> _Work order_: Each line in the material below, starting at the one that contains "- 【No-Tool, Easy" and ending at the one that contains "This is a pair", should be repeated exactly; the pictures should not.

> _Input_:
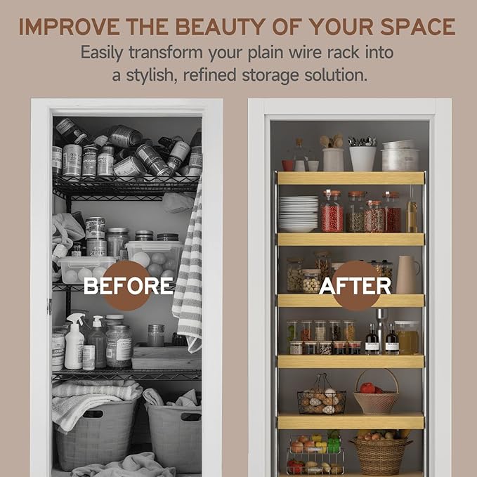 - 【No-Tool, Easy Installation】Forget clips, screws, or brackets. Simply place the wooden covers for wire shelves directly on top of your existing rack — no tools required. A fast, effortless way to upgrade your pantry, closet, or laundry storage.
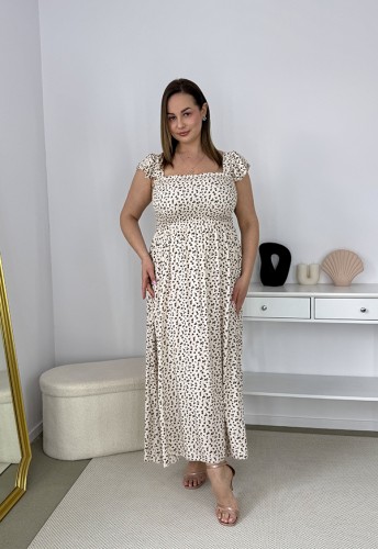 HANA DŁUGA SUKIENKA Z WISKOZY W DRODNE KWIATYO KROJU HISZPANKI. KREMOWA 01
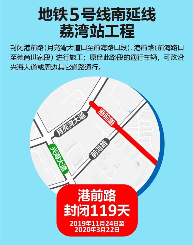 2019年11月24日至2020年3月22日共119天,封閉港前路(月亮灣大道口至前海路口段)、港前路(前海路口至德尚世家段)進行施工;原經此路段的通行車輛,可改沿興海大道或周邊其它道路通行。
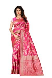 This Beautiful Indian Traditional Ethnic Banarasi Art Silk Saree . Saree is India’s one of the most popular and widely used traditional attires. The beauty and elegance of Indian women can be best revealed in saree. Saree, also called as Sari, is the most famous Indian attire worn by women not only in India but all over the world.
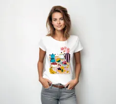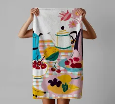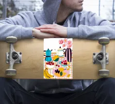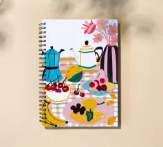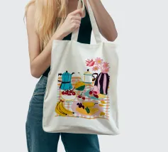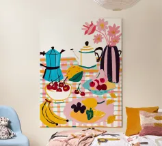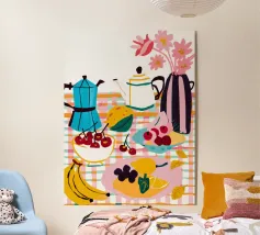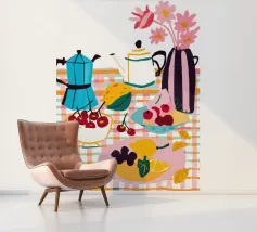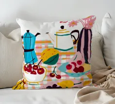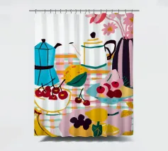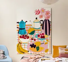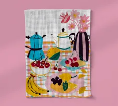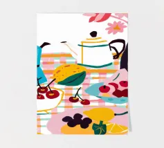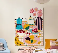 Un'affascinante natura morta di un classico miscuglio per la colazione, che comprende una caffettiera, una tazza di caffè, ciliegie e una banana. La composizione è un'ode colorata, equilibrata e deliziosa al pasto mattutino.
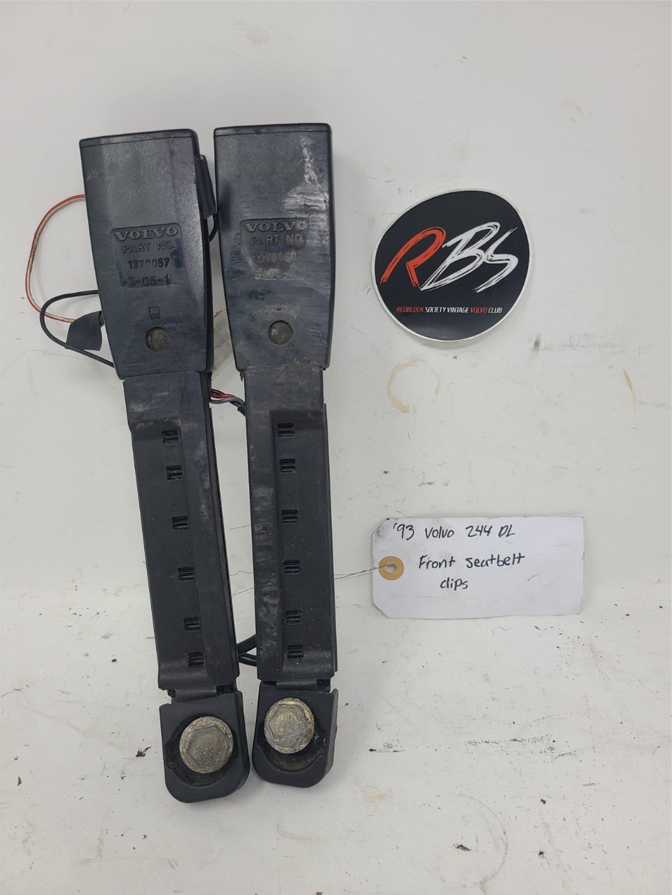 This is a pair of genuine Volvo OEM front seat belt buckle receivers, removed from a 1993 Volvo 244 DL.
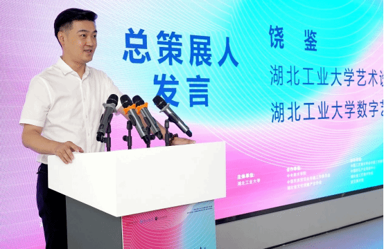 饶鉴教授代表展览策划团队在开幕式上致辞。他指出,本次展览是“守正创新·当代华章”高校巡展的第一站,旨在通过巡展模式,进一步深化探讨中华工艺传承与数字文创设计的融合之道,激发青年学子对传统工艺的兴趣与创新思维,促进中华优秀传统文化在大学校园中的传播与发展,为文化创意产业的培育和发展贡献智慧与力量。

...

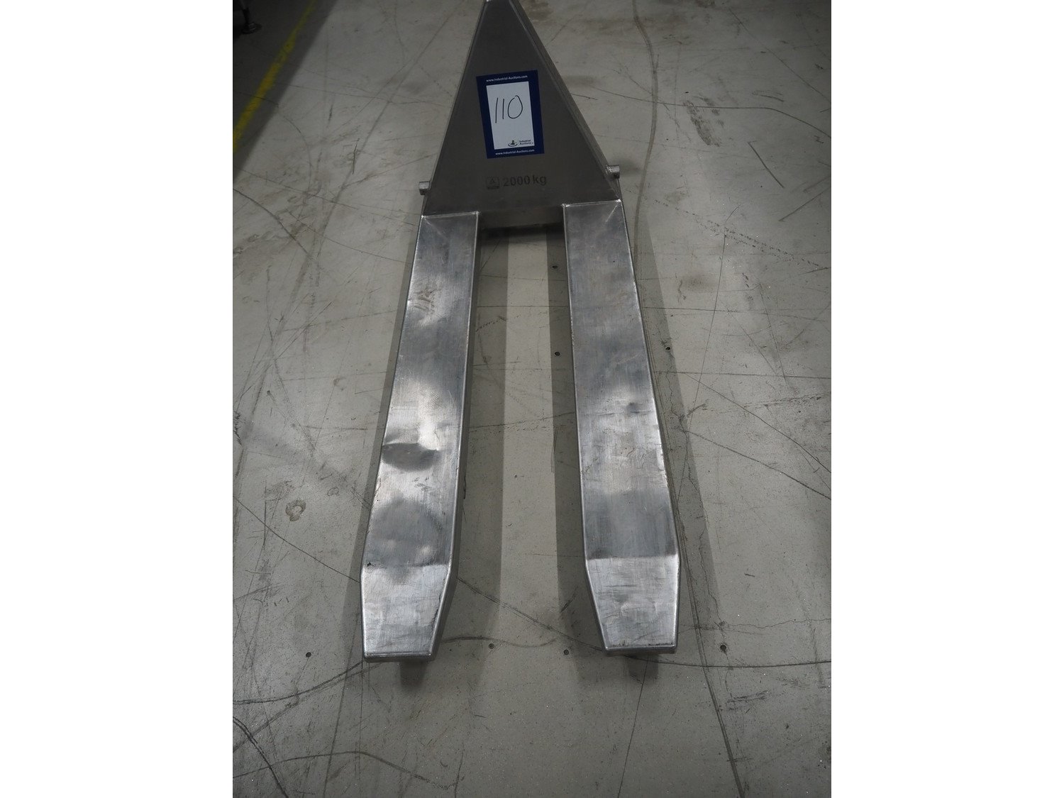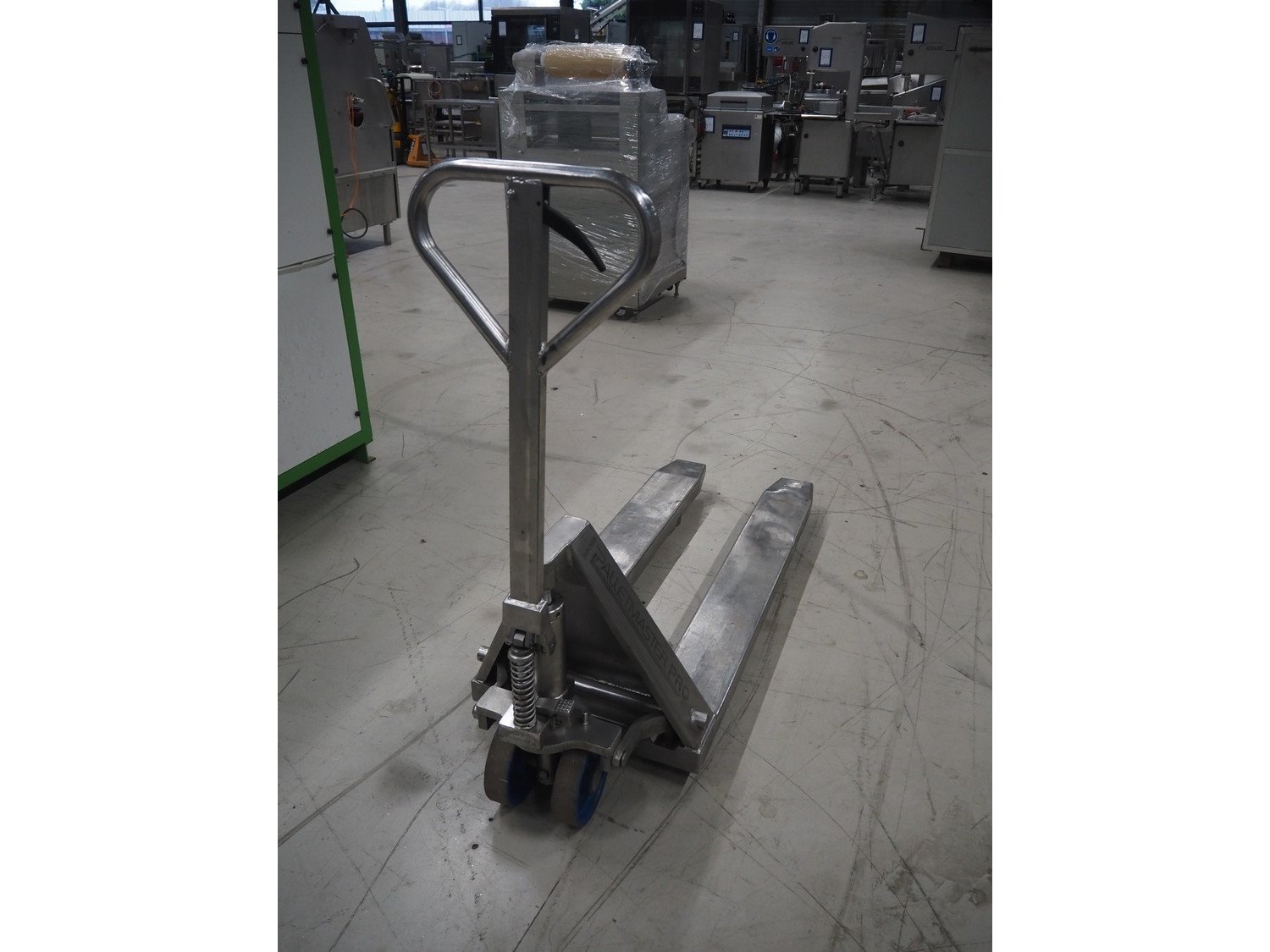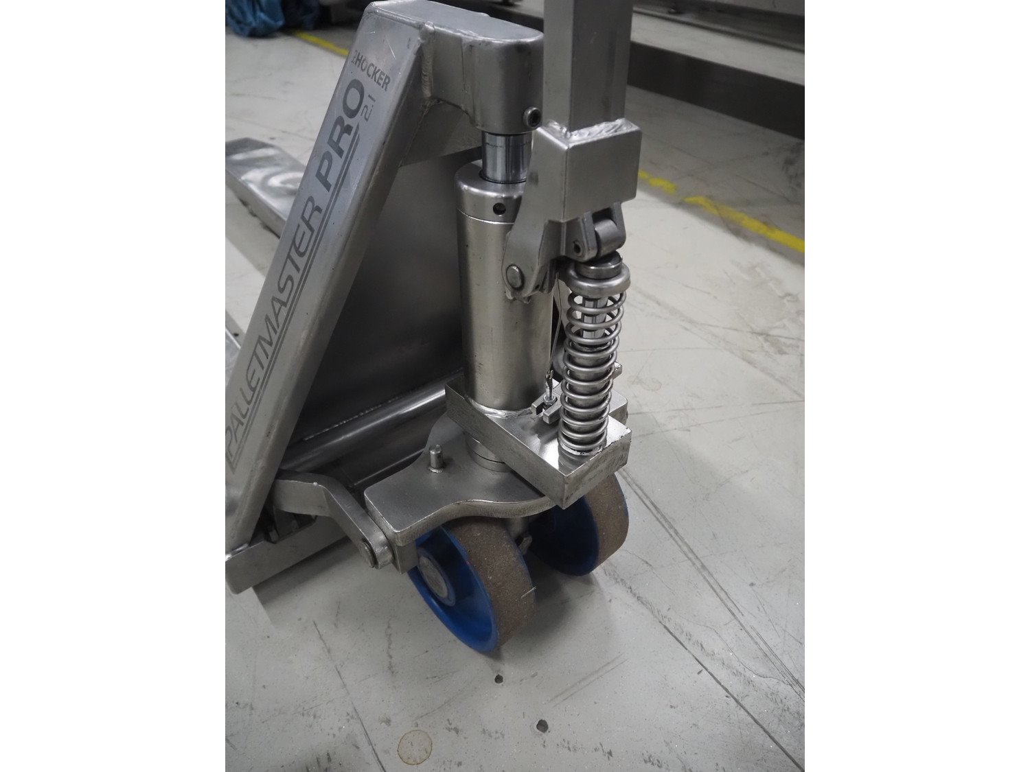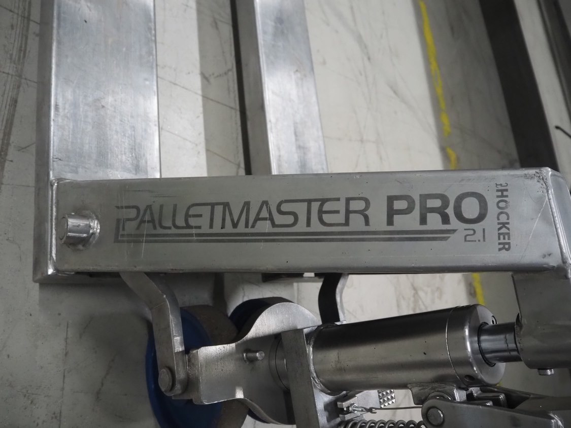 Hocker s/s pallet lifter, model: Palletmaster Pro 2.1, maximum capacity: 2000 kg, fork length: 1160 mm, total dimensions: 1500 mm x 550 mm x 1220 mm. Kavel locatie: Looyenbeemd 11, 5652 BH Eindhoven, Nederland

> _The answer_:
 - 【No-Tool, Easy Installation】Forget clips, screws, or brackets. Simply place the wooden covers for wire shelves directly on top of your existing rack — no tools required. A fast, effortless way to upgrade your pantry, closet, or laundry storage.
 HANA DŁUGA SUKIENKA Z WISKOZY W DRODNE KWIATYO KROJU HISZPANKI. KREMOWA 01
 2019年11月24日至2020年3月22日共119天,封閉港前路(月亮灣大道口至前海路口段)、港前路(前海路口至德尚世家段)進行施工;原經此路段的通行車輛,可改沿興海大道或周邊其它道路通行。
 This Beautiful Indian Traditional Ethnic Banarasi Art Silk Saree . Saree is India’s one of the most popular and widely used traditional attires. The beauty and elegance of Indian women can be best revealed in saree. Saree, also called as Sari, is the most famous Indian attire worn by women not only in India but all over the world.
 Un'affascinante natura morta di un classico miscuglio per la colazione, che comprende una caffettiera, una tazza di caffè, ciliegie e una banana. La composizione è un'ode colorata, equilibrata e deliziosa al pasto mattutino.
 This is a pair of genuine Volvo OEM front seat belt buckle receivers, removed from a 1993 Volvo 244 DL.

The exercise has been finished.